Renters are paying more for the privilege of living somewhere less desirable than if they owned the same home with a mortgage. According to the Department of Communities and Local Government, typically, they pay more in monthly payments for their insecure and often inferior dwellings. This makes it harder to save; 11% of private renters had substantial savings of £16,000 or more, compared with 30% of owner-occupiers. For couples starting a family, the higher cost of living and of having children can bang the final nails into the coffin of their dreams of home ownership.
Before the financial crisis of 2008, it was the other way round: home ownership cost more than renting from a landlord. This makes sense; if we accept home ownership as the aspiration of the majority, renting needs to cost less so that renters have a bit of spare cash left over at the end of every month to put towards a deposit to buy.
But policy responses to the financial crisis turned the tables. Lenders restricted access to first-time buyer loans, favouring buy-to-let landlords with large cash deposits. Meanwhile the Bank of England embarked on monetary policy that saw the cost of having a mortgage drop significantly, thanks to a decline in interest rates from 5.75% in 2008 to 0.75% now.

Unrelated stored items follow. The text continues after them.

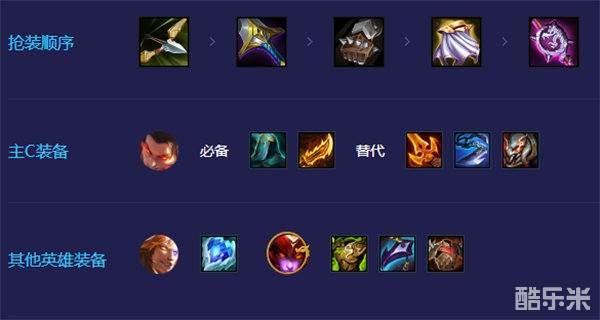 瑟提:主力输出,需求水银(必备)、杀人剑、羊刀或火炮;希瓦娜:主力前排,需求狂徒、反甲或者龙牙等其他防装;有冰心可以给凯隐打控制,有多余的输出装给霞。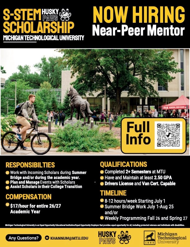 Do you want to help the next generation of Huskies thrive at MTU? Do you have strong organizational skills, leadership potential, and a desire to mentor other students? The Husky PAWS S-STEM program is hiring Near-Peer Mentors for 2026–27.
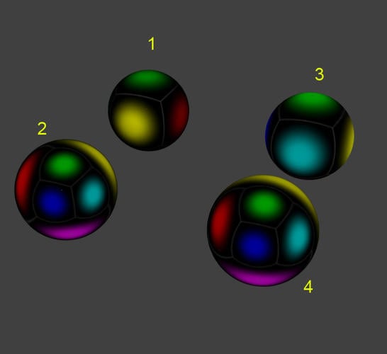 2) The front and left of the upper sphere, torus, and cube are the same colours (cyan and yellow respectively) - so why is the top of the cube imagenta, while the top of the sphere and torus are green?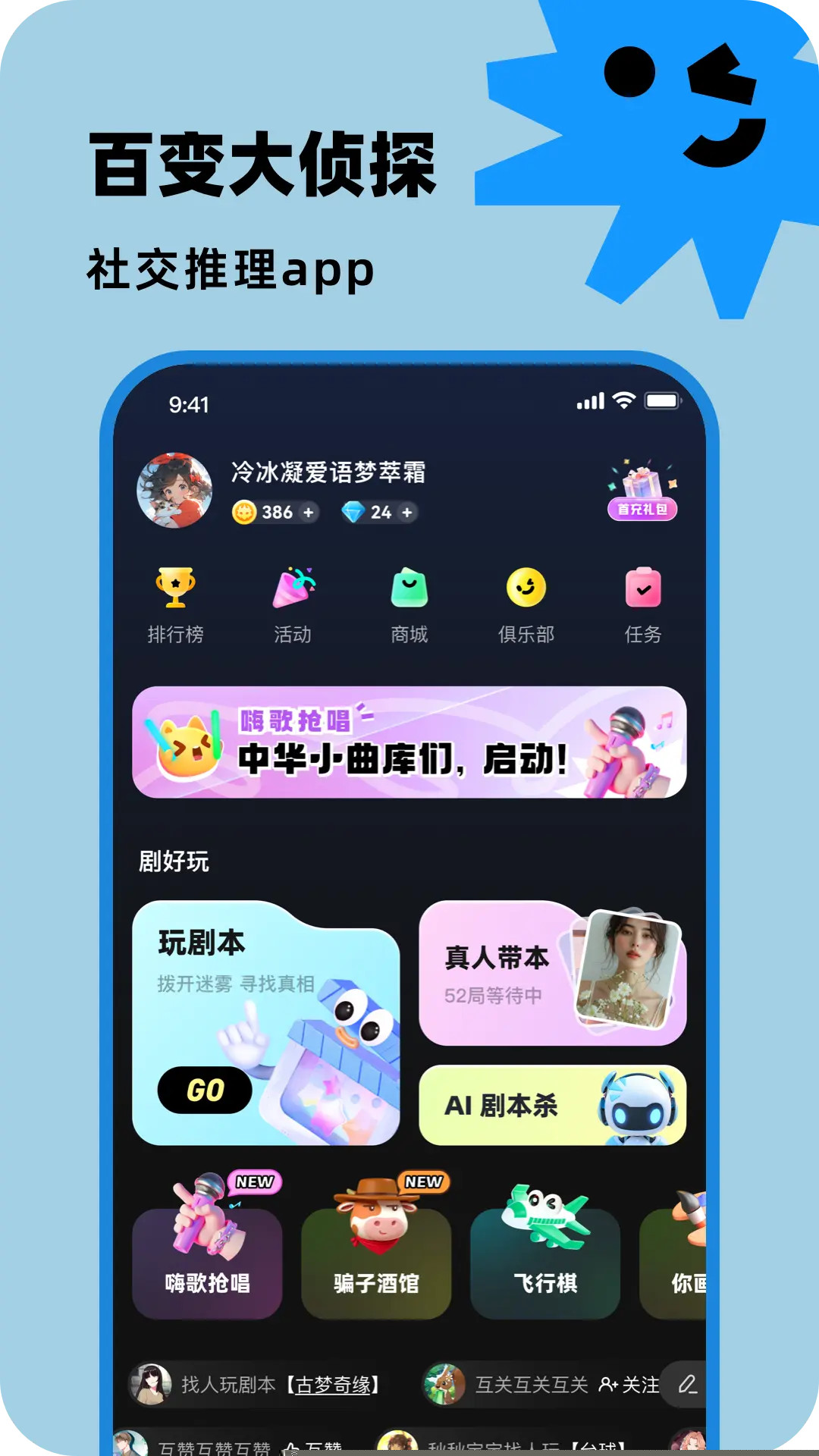 百变大侦探是一款集线上社交与逻辑推理于一体的真人角色扮演游戏软件,通过丰富的剧本设定和沉浸式互动体验,让用户在虚拟场景中化身不同角色,参与解谜破案的过程。软件结合语音聊天、线索搜集与多人协作机制,构建出充满悬念的剧本杀环境,适合喜爱推理、表演与社交的参与。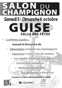 ![]() Samedi 5 et dimanche 6 octobre salle des fêtes de GUISE Salon du Champignon organisé par l 'Association Horticole de GUISE DE 8H à 18H. Cueillettes guidées en forêt départ 8h puis exposition, dégustation d'omelette aux champignons exposition d'oiseaux exotiques et volailles d'ornement. légumes bio, initiation au compostage, expos de Geodomia, girouettes, sculptures sur bois […] |

On a £180,000 home loan over 25 years, such a drop would have instantly cut monthly repayments for a homeowner with a variable rate mortgage from £1,132 to £658. Homeowners with mortgage debt saw a life-changing fall in housing costs, while renters – stuck between a rock (the landlord) and a hard place (the deposit) – have steadily seen a rise. Now, in the UK renters pay on average £833 a month, compared to average mortgage repayments in the UK of £658 a month; a 25% premium.
The consequence of people paying higher housing costs for longer is that the prospect of home ownership moves further out of reach and with it, all the advantages that those on the ladder enjoy, such as ever decreasing mortgage balances and an end in sight to housing costs when they retire.
Conditions
According to the EHS, standards in private rented accommodation are worse than in owner-occupied homes. Life phases, such as having children are entered and left, and all the while, you might not be allowed to decorate, put up pictures or have a dog. Social housing might not be a choice either, but it does offer security and a degree of predictability on outgoings.
Renting from a private landlord feels far more like a game of chance in which the stakes are yours and your family’s shelter and wellbeing. Is the landlord planning to sell or will they increase the rent every year? Will they continue to invest in the property? If you are lucky, your landlord will tick all the right boxes. Unlucky, and you will be wrestling with feelings of insecurity and unhappiness as someone makes their ‘passive income’.
Meanwhile, eviction remains a real threat and the longer people are privately renting for, the greater the risk of eviction. The sense of insecurity builds rather than diminishes over time. The number of families in temporary accommodation – where homeless families are placed – has only been going the wrong way since 2010, according to government figures.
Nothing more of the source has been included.